At the meeting on Dec 18, the central bank’s Monetary Policy Committee (MPC) voted unanimously to leave the one-day repurchase rate unchanged at 2.25%, after a surprise cut at the previous review in October.
The decision had been widely expected, despite continuous lobbying by the Pheu Thai-led government for lower rates to stimulate the economy.
The MPC deemed it appropriate to hold steady given the heightened economic uncertainties, the minutes said.
“Maintaining sufficient monetary policy space to respond appropriately at the right time was deemed essential to maximise the effectiveness of monetary policy,” the minutes said.
“Going forward, the Thai economy faces heightened uncertainties, primarily due to US economic policies.
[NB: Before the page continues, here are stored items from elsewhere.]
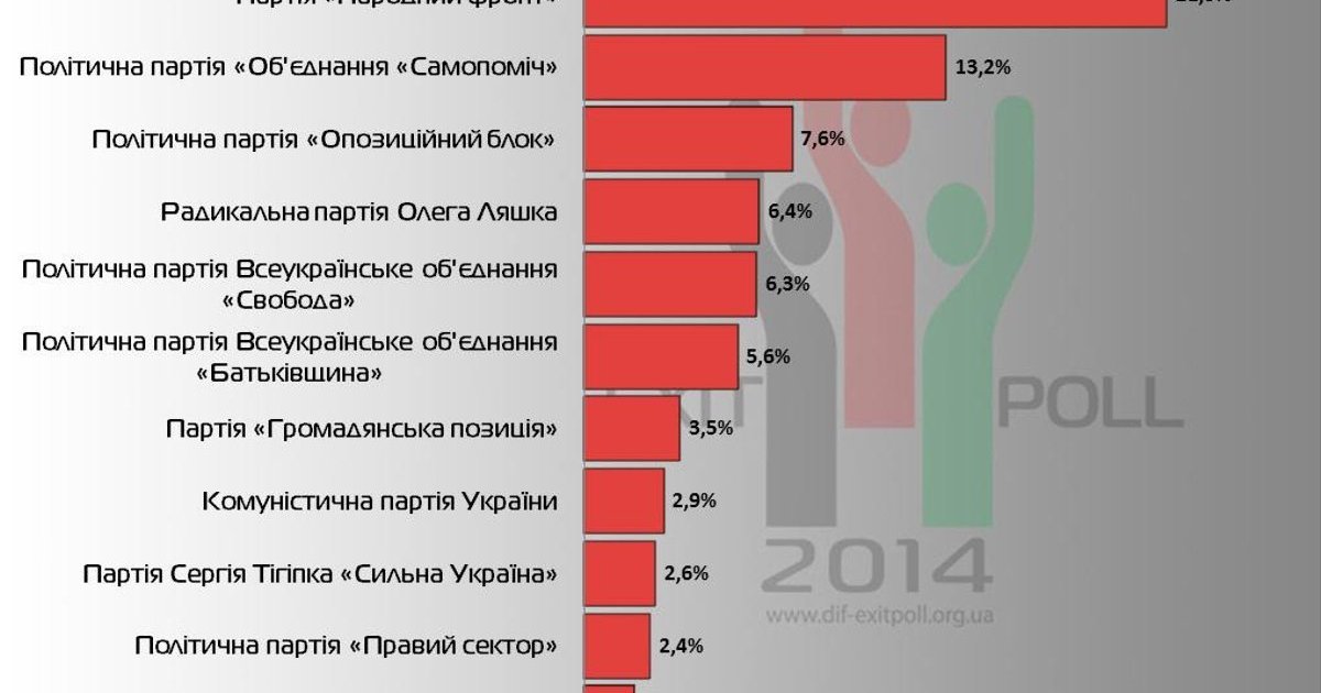 Так, за "Блок Петра Порошенко" отдали свои голоса 23% опрошенных избирателей; за "Народный фронт" - 21,3%; за Объединение "Самопомощь" 13,2%, за "Оппозиционный блок" - 7,6%; за "Радикальную партию", - 6,4%; за "Свободу" - 6,3%, и за "Батьківщину" - 5,6%.
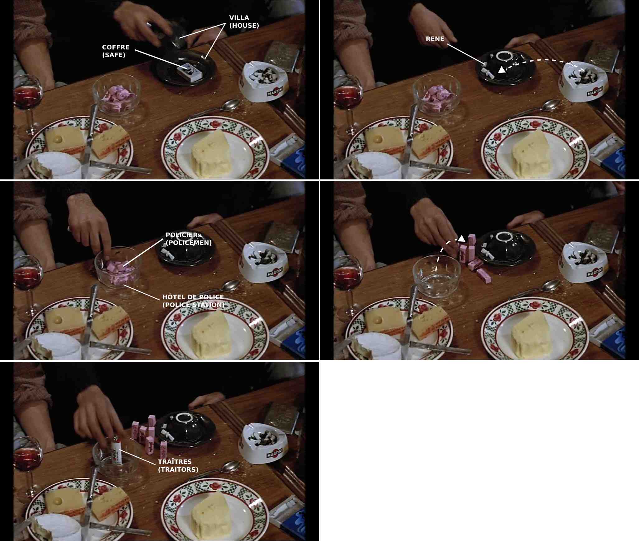 On the next morning René understands in his hideout that he has been fooled when he hears a news on the radio about the police station attack. And he sets up on the kitchen table a very original spatial machinery, similar to a model . He uses different objects that are on this table (52nd minute). A coffee cup turned on its small dish represents the villa, a matchbox is the safe, some butts are René and accomplices, a sugar bowl is the police station (and sugars are policemen) and finally, a lighter represents traitors. Using this machinrey, René replays the drama of the day before.
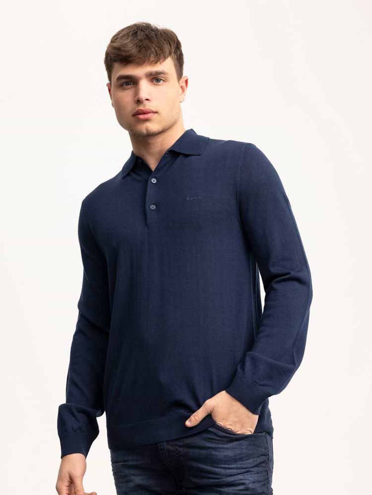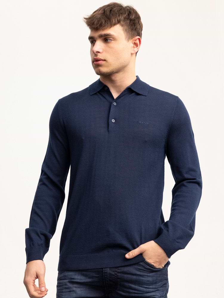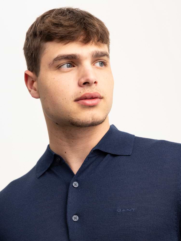 GANT navy bottun knitwear סריג דק בצבע נייבי עם כפתורים וצווארון
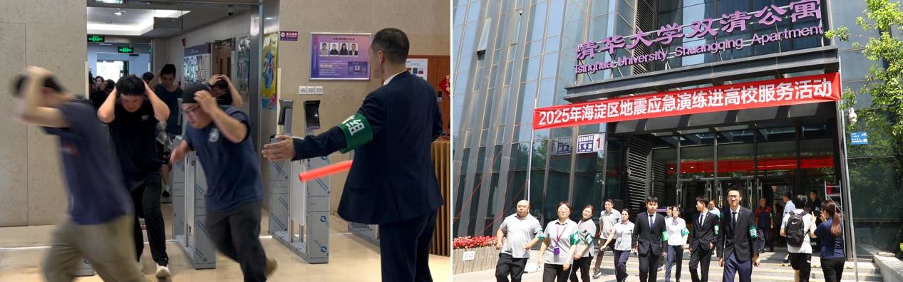 活动当天上午10时30分,双清公寓楼内响起地震预警播报,地震应急演练正式开始。楼内一、二层学生迅速反应,在引导员的指引下率先撤离,三层及以上学生第一时间按照“伏地、遮挡、手抓牢”避震要素进行应急躲避,待模拟主震结束后有序疏散到楼外空旷场地。
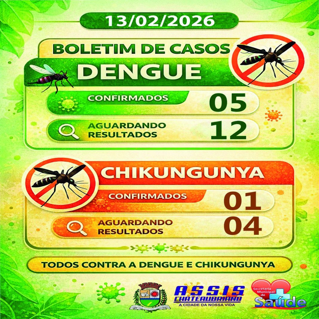 A Secretaria de Saúde de Assis Chateaubriand divulgou, nesta sexta-feira (13), um boletim epidemiológico atualizado com os dados sobre os casos de dengue e chikungunya no município. O documento destaca a importância das ações preventivas para o combate ao Aedes aegypti, mosquito transmissor dessas doenças.
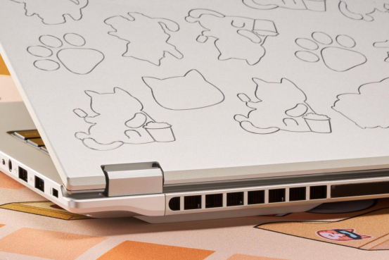 COLORFIRE MEOW系列始终致力于将科技产品与用户情感深度链接。喵Book14 Pro采用全金属一体化机身,轻至1.49kg,薄至17.95mm,带来极致便携体验。其独特的“喵星银”配色与A面经由CNC高光雕刻工艺打造的萌物拼接设计,将潮流萌宠元素与精密科技完美融合,使笔记本电脑不再是单纯的工具,更是彰显用户个性与品味的时尚配饰。
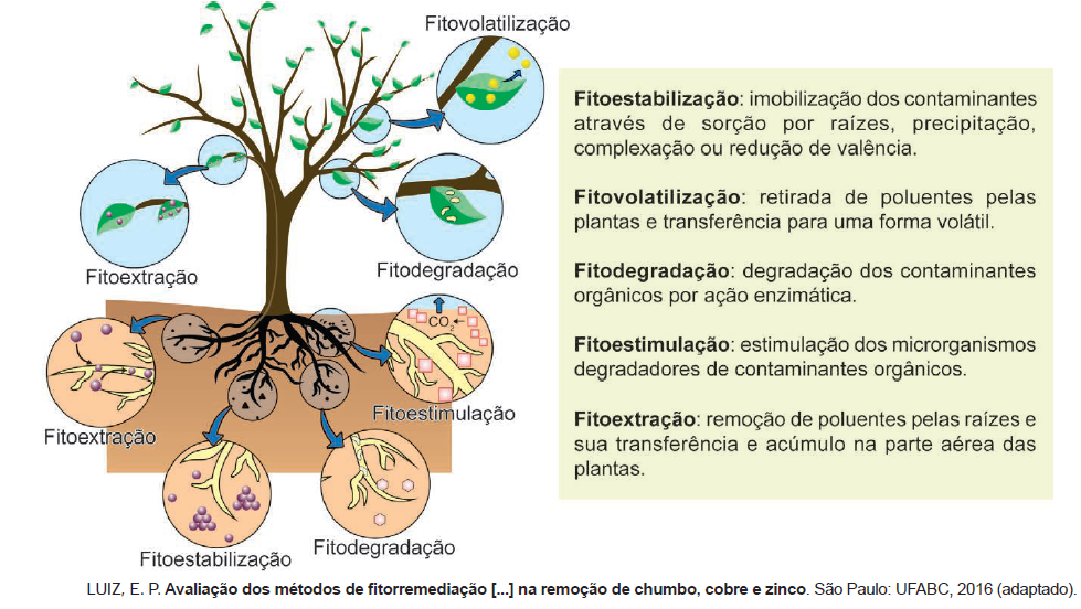 (Enem/2024) A fitorremediação é uma técnica que utiliza plantas para a remediação de ambientes contaminados. A descontaminação de solos pode ocorrer por descarte, absorção e metabolização, imobilização, extração ou volatilização do poluente, conforme representado na figura.

The precise details of these policies, including structure, intensity, implementation timeline, and potential retaliatory measures by other countries, remains unclear.”
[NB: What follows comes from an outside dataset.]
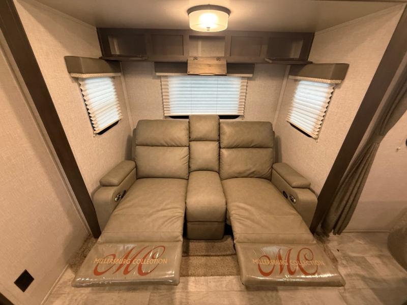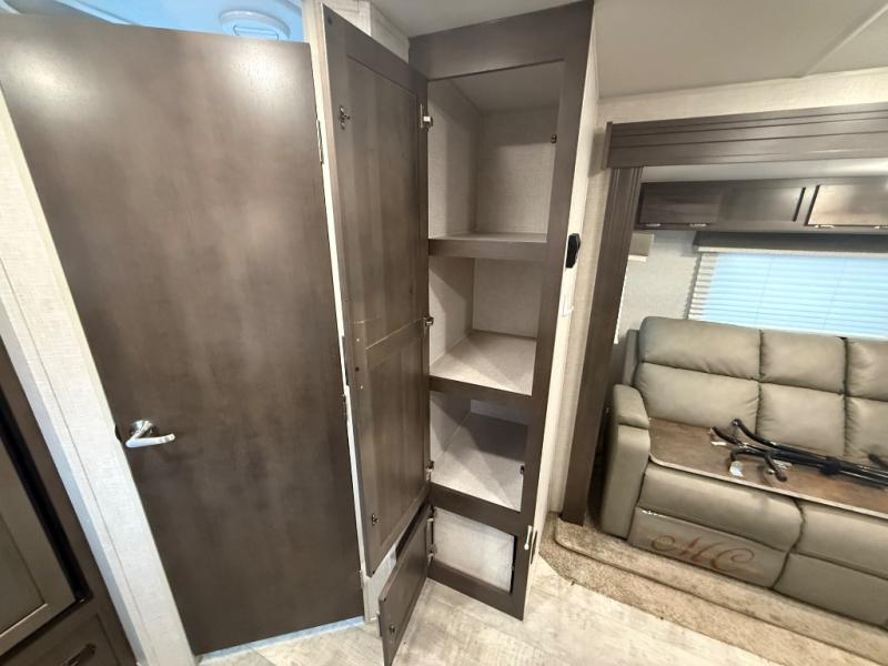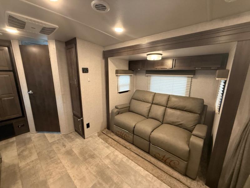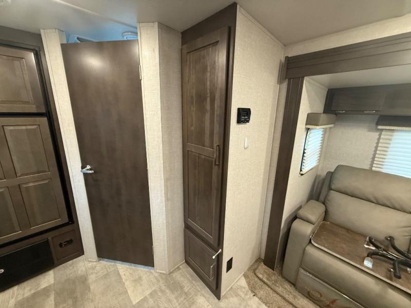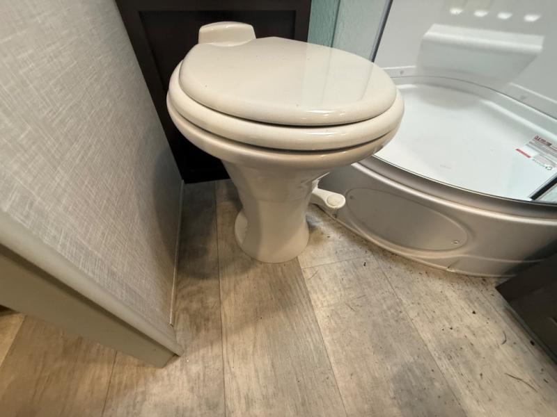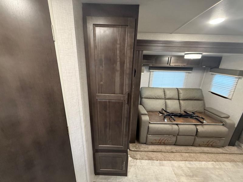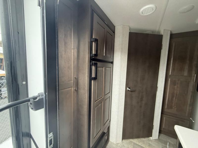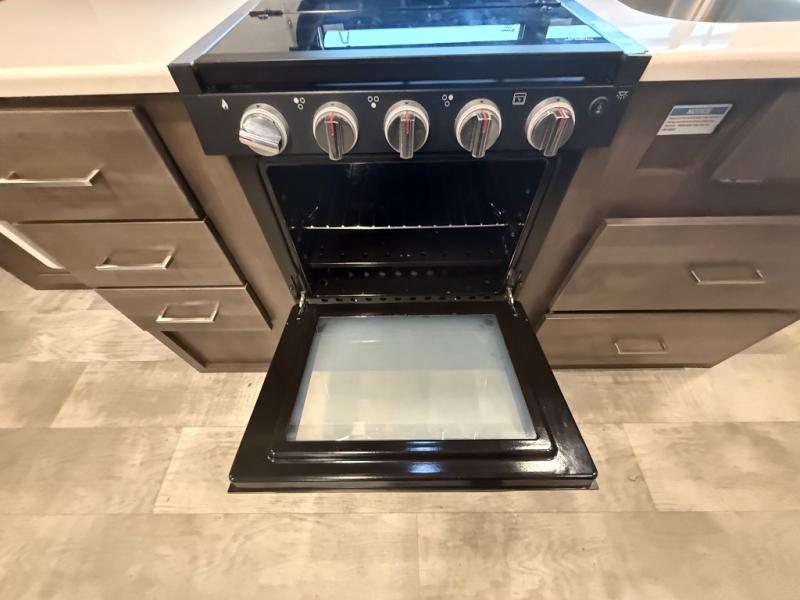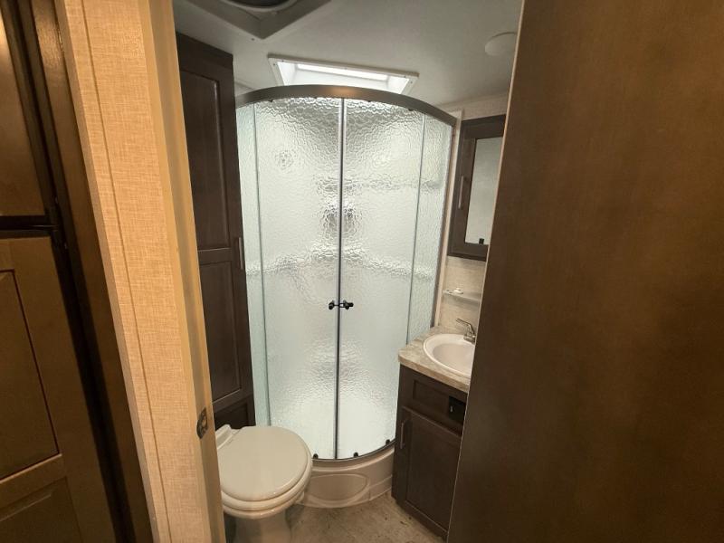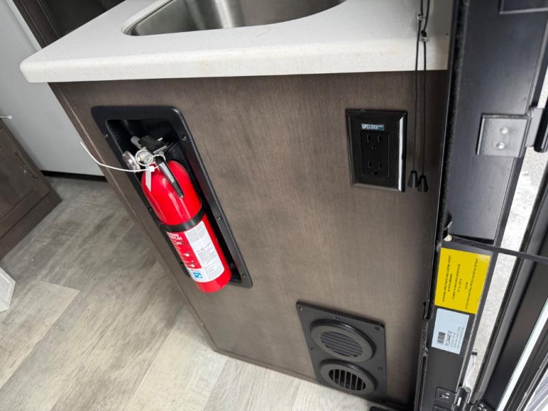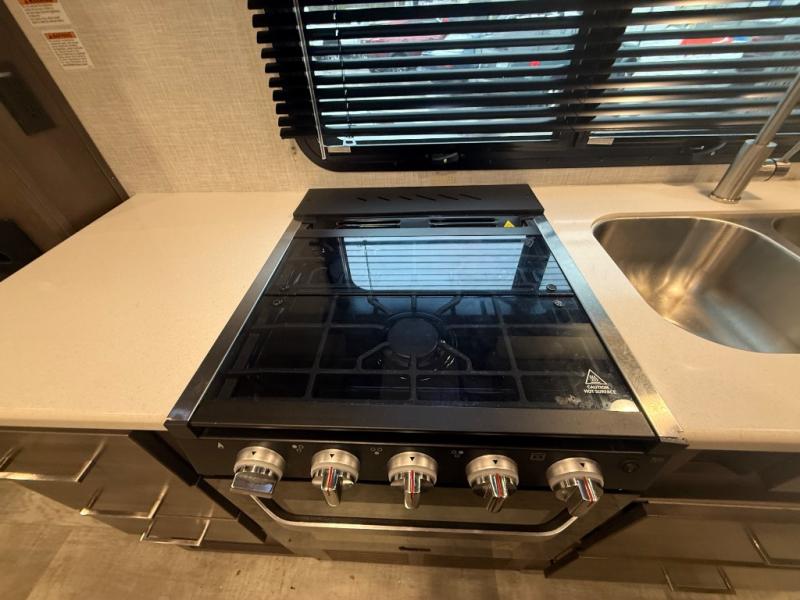it's time to ditch that old tent and upgrade to this comfortable travel trailer. You will enjoy sleeping off of the floor on a queen bed, plus there are dual wardrobes for your clothes. There's no need to use the camp's facilities since this model includes a full bath, complete with a linen closet and shower skylight. The chef of the family will love preparing meals in the kitchen on the three burner cooktop, and there is a pantry to store dry goods and snacks. You and your spouse can get comfortable on the slide out theater seat that sits directly across from the entertainment center and fireplace!

In the short term, the central bank said, Thai merchandise exports could experience a temporary acceleration as exporters adjust ahead of policy changes. “Over the medium term, however, the net impact on Thai exports and investments remains uncertain, contingent on the feasibility of relocating production bases and Thailand’s trade competitiveness in comparison with China in both domestic and regional markets.”
It also warned that in the longer term, “the contribution of exports as a key driver of the Thai economy is likely to diminish relative to historical trends”.
“This is attributed to a decline in the value-added content of certain export categories, such as metals, rubber, plastics and petroleum products, as well as a structural transition away from high value-added exports, such as internal combustion engine vehicles — which are distinguished by substantial local content and strong linkages to domestic industries — toward lower value-added products, such as electronics and machinery, which are more reliant on imported raw materials and components.”
The central bank maintained its forecast for economic growth of 2.7% in 2024 and 2.9% in 2025, and the minutes showed committee members felt the overall economy was expanding despite a decline in credit growth.
The committee said it was crucial to monitor credit quality and credit growth developments among sectors where recovery was slow, as well as for the impact on the broader economy.
The central bank expects headline inflation of 1.1% in 2025, near the bottom of its 1-3% target range, and said medium-term inflation expectations were within the target range.
The next MPC meeting is scheduled for Feb 26.